Tuesday, March 12 at 7:00 p.m.
Education Auditorium, University of Regina
Complimentary parking will be available in lots 2, 4 and 17 Download a campus map
Admission is free, but space is limited and the venue is expected to fill quickly
Note to media:
Connie Walker is available for scheduled interviews Tuesday, March 12 up until mid-afternoon. Please contact External Relations (information above) to make arrangements. This will be Ms. Walker's only availability.

Connie Walker background:

Walker is an award-winning investigative reporter and host of the CBC News podcast, Missing & Murdered. In 2018, Missing & Murdered: Finding Cleo won the inaugural Best Serialized Story award at the Third Coast International Audio festival. The podcast was also featured in the Columbia Journalism Review, The Rolling Stone, Vulture, Teen Vogue, Chatelaine and was named one of the Best Podcasts of 2018 by Apple Canada.

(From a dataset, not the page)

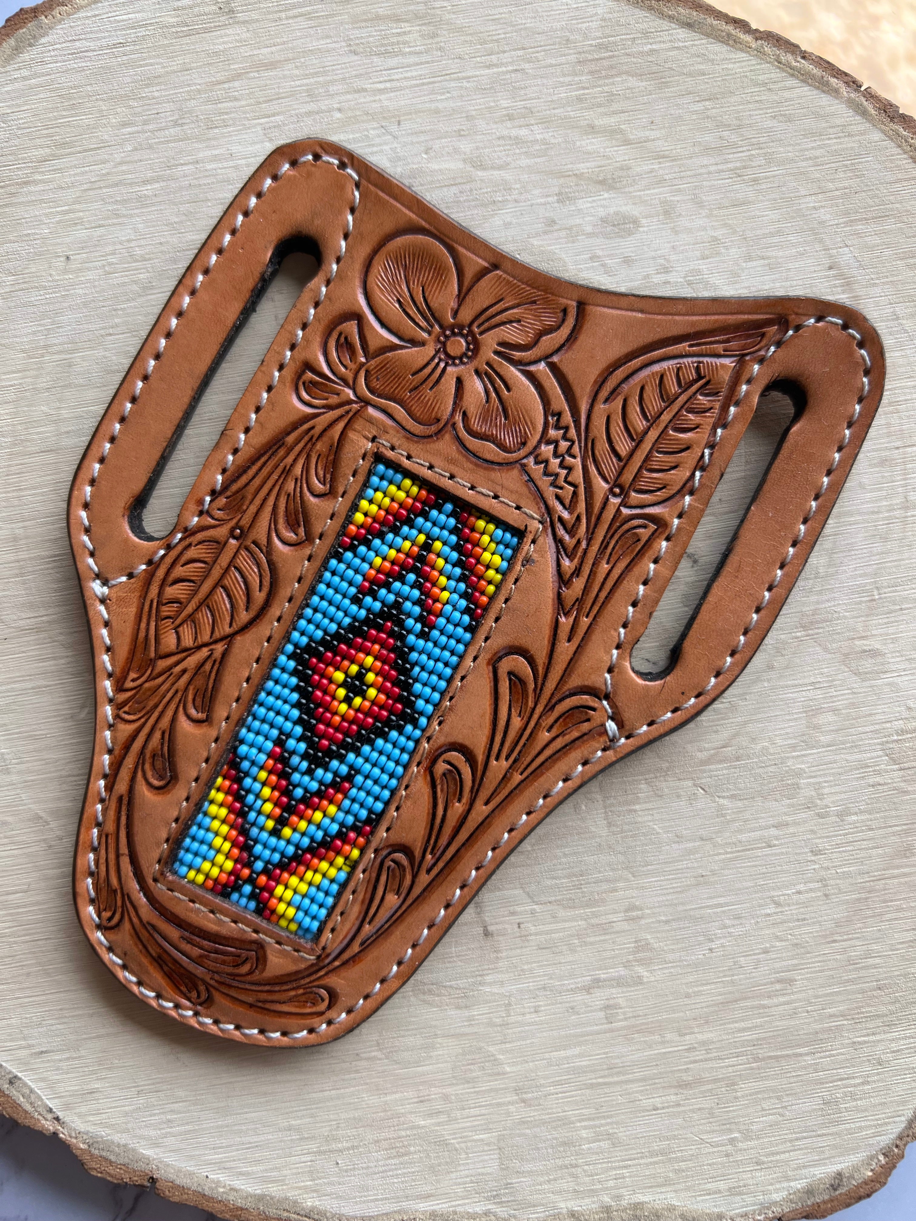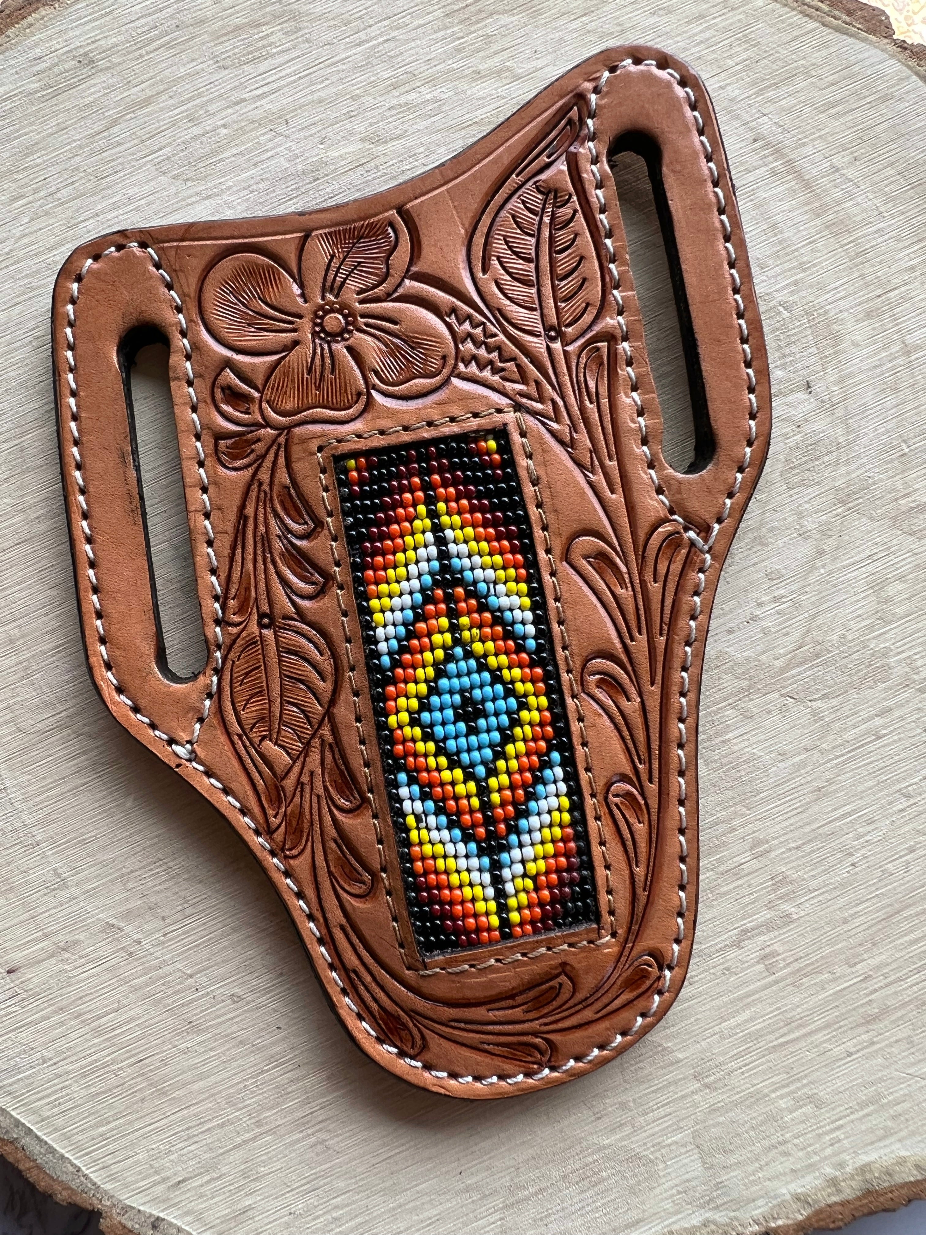 Honey Hand-Tooled With a Side Colorful Triangle Beaded Knife Sheath

In 2017, Missing & Murdered: Who killed Alberta Williams? won the Radio Television Digital News Association's (RTDNA) Adrienne Clarkson Award and was nominated for a Webby Award. Walker and colleagues at the CBC's Indigenous Unit, won multiple awards including the 2016 Canadian Association of Journalists' Don McGillivray investigative award, a Canadian Screen Award and the prestigious Hillman Award for its "Missing & Murdered: The Unsolved Cases of Indigenous Women and Girls" interactive website.
Walker is from the Okanese First Nation in Saskatchewan. She currently lives with her family in Toronto.

James M. Minifie Lecture background:

This will be the 38th edition of the Minifie Lecture. In June 1980, the James M. Minifie Fund was set up to help support the School of Journalism at the University of Regina. The fund has provided the school with modern facilities for classes in all aspects of journalism. The fund also supports a free public annual lecture featuring Canada's most distinguished journalists.

Noted past lecturers include: Derek Stoffel (2015), Nahlah Ayed (2014), Wab Kinew (2013), Kevin Newman (2005), Adrienne Clarkson (1999), Lloyd Robertson (1997) and Pamela Wallin (1992).